When I first arrived here, my first contact with the China Post was at the selling center in Phoenix City. I had a letter to send. I had no envelopes or stamps, so I went to the China Post (with a Mandarin and Cantonese speaking friend) to mail it.



“No envelopes!” we were told. So I tried to purchase some stamps. “No stamps!” we were told.



Jesus Christ.



In the months to follow, I discovered that this particular office of the China Post opens when they decide it is convenient to open.



Too many times I’ve showed up at ten in the morning, one in the afternoon, four in the afternoon and so on….only to find the damn place closed.



When they ARE open, it is an experience in-and-of itself.



I bring a sealed envelope into the office, give it to the clerk and he weighs it. After weighing it, he peers at a sign in the lobby that’s virtually impossible for him to read unless he’s equipped with binoculars for glasses. Then he makes a split decision as to whether I need extra postage or not. Suddenly he points to a 2 Yuan stamp and holds out his hand.

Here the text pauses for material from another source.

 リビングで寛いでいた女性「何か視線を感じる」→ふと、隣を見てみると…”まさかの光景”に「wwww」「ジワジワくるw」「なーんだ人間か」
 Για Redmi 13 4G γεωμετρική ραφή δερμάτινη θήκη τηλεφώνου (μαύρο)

Well, I began taking careful notice of this. I carefully counted the pages I inserted into a letter. Six pages was typically 6.80 Yuan. So, one day I showed up and gave the clerk a letter containing four pages and I was charged 8.80 Yuan.



Go figure.



What was I going to do? Argue with him in English?



I don’t think so.



But, the real nutcracker lately was the time I showed up to mail a letter and was told to wait while the clerk went to his motorcycle, removed his saddlebags of mail, fished out at least ten various size envelopes and handed them to me.

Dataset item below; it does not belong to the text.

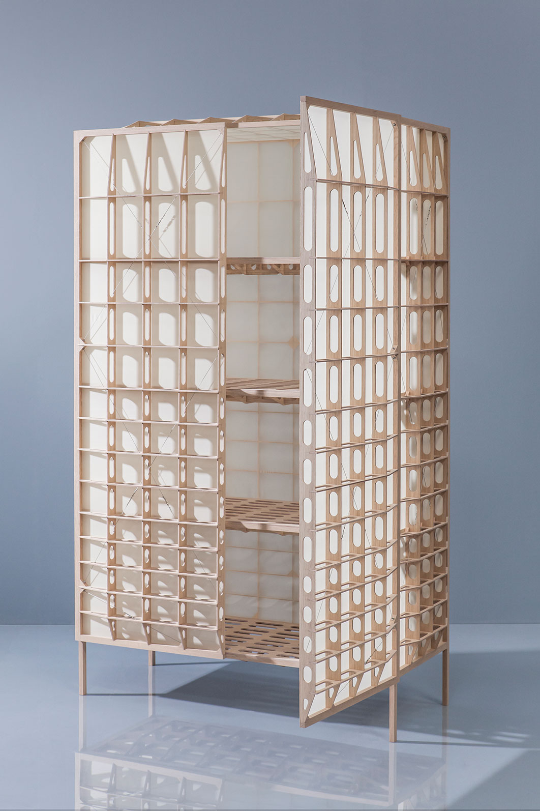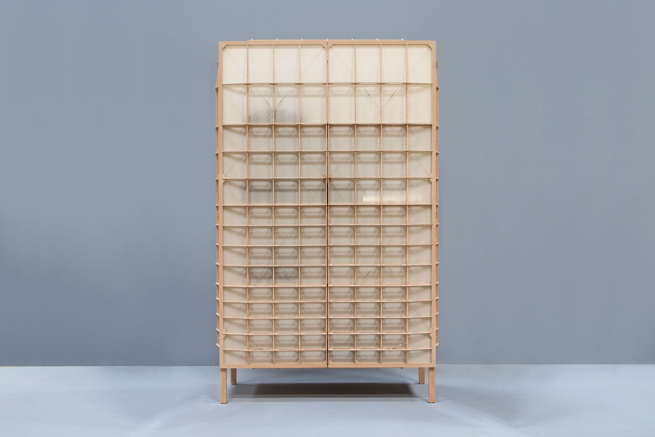 スタジオ マイケル マイヤー(Studio Mieke Meijer)によって設計されたエアフレーム01は、初期の航空機の木製羽根にインスパイアされた軽量キャビネットです。総重量わずか18.5kgのオークフレームのこの作品は、材料会社バールズ&ブルームホフのユニークなテキスタイルのひとつを使用して制作されました。

I looked at them, recognizing two of them. One was mine and the other was for the other foreign teacher here at the school, mailed from Seattle, Washington. The rest of them were addressed in Chinese.



At first I didn’t get it. Then the clerk sticks a sheet of paper in front of me and asks me to sign for these letters.



What the fuck?



Finally, I get it.



I’m a little slow in my old age, but finally I figured it out. These letters were for the school and this lazy ass wanted me to deliver them so he wouldn’t have to drive all the way out on East Guang Yuan road in Phoenix City.



Jeeem the Postman.



Gotta admit I felt important that day. I wonder what that clerk would have thought if I’d pulled out a gun and wiped out all the administrative staff when I got back to the school?